Даже через много лет, вспоминая о страшном и пьяном разговоре, Маша так и не смогла понять, откуда в ней, родившейся и выросшей в семье, где ничего не обсуждали, словно от рождения жило предчувствие того, о чем, забыв сдержанную осторожность, говорил профессор. Времена, о которых он вспоминал, далеко отстояли от года ее рождения, так что в обыденной жизни, если речь заходила о сороковых или пятидесятых, Маша ничем не отличала их от военных, совсем уже древних лет. И те, и другие она знала по книгам, которые не относились к жизни: эти книги были необитаемы. Люди, мелькавшие под обложками, иллюстрировали исторические события, но эти события словно бы стирались из их памяти: те, кто писал от их имени, избегали главного. Жизнь, какой ее знала Маша, начиналась с шестидесятых, и, встречая отсылки к этому времени, она мысленно воссоздавала картины прежних лет. Из этого времени она помнила многое, однако до страшного разговора не могла себе представить, что на самом деле в ней словно бы живет и другое воспоминание: о временах, когда она не родилась. Не то чтобы Маша и вправду помнила, точнее говоря, она не помнила подробностей, но что-то, похожее на голос, жило у нее внутри: этим голосом, прислушиваясь опасливо и внимательно, можно было поверить любой рассказ о тех временах, опознавая в нем ложь или правду. Все, что говорил Успенский, совпадало с неведомым кодом, словно спрятанным внутри. Она не сумела бы объяснить иначе: кто-то, оставшийся невидимым, склонился к колыбели и вложил этот голос в ее душу. Этот кто-то был похож на страшную сказочную фею, которую родители не пожелали позвать на крестины, но она явилась неотвратимо и беззаконно, и никакая родительская осмотрительность не смогла побороть странный и страшный дар.

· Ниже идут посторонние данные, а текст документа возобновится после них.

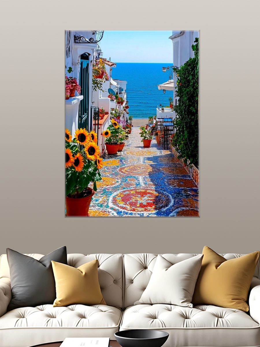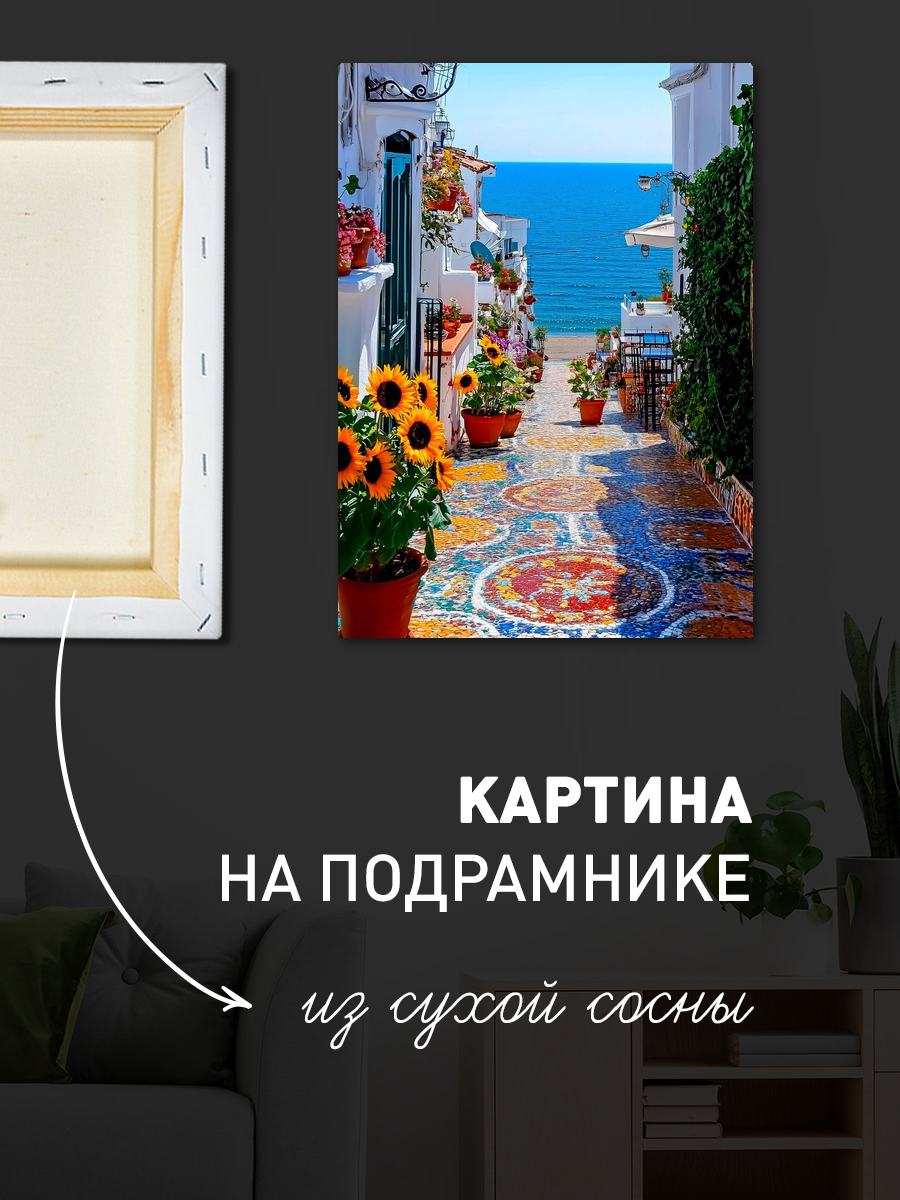 Описание: Картина 50 на 70 "Солнечная улочка у моря" воплощает в себе атмосферу летнего отдыха и спокойствия. На полотне изображена живописная улочка, вымощенная яркими мозаичными плитками, обрамленная цветущими горшками с подсолнечниками и другими цветами. На заднем плане открывается безмятежный вид на синее море, которое гармонично сливается с ясным небом. Уникальность данной картины заключается в её способности переносить зрителя в мир тепла и радости, вызывая ностальгию по летним дням и воспоминаниям о путешествиях. Эта картина наполнена светом и цветом, что делает её идеальным акцентом для любого интерьера. Она станет прекрасным дополнением как для уютной гостиной, так и для стильного кабинета или спальни, добавляя нотку свежести и гармонии. Визуальная легкость и жизнерадостность картины создадут атмосферу уюта и спокойствия в вашем пространстве. Повесьте её на стену, и она будет радовать вас и ваших гостей, напоминая о солнечных днях и беззаботных моментах жизни.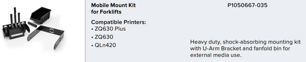 Zebra, Accessory, Kit QLN4/ZQ63 Mobile Mount for Forklifts (With U-Arm Bracket and Fanfold Bin)

Тихим, глухим голосом Успенский рассказывал о своем отце, университетском профессоре, возглавлявшем кафедру политэкономии социализма. Его посадили в 1949-м, когда избавлялись от евреев-космополитов, а его, русского, взяли заодно, потому что давно точили зубы. Отец умер в лагере - сгинул почти сразу. Успенский рассказывал о том, каким был в юные годы - профессорским сынком, не видящим дальше носа. Подливая в стакан из новой бутылки, он говорил о годах, проведенных в лагере, и глаза его наливались багровой ненавистью, такой беспросветной, что Маше хотелось выть. Положив на горло холодные пальцы, она слушала в тоске и молчании, и грязные слова, идущие его горлом, становились единственно правильными и правдивыми, ложились на ее внутренний голос. Эти слова, которые она сама никогда не смогла бы выговорить, клокотали в его волчьей пасти, когда он рассказывал о том, как вернулся в 53-м и застал отцовскую кафедру в руинах, обсиженных подонками. Он говорил о том, как бывшие сослуживцы отца шарахались от него, желавшего учиться, потому что в мире, в который он вернулся, такие, как он, были призраками, вставшими из свежих могил. Его руки пахли так, словно сами разрывали землю, и все они чуяли этот запах, как летучие мыши - чужую, враждебную кровь. "А эти, другие, которых - вместе с вашим отцом, кто-нибудь из них вернулся?" - она спросила и, словно увидев ее, Успенский допил, плеснул и придвинул к ней. Маша не коснулась.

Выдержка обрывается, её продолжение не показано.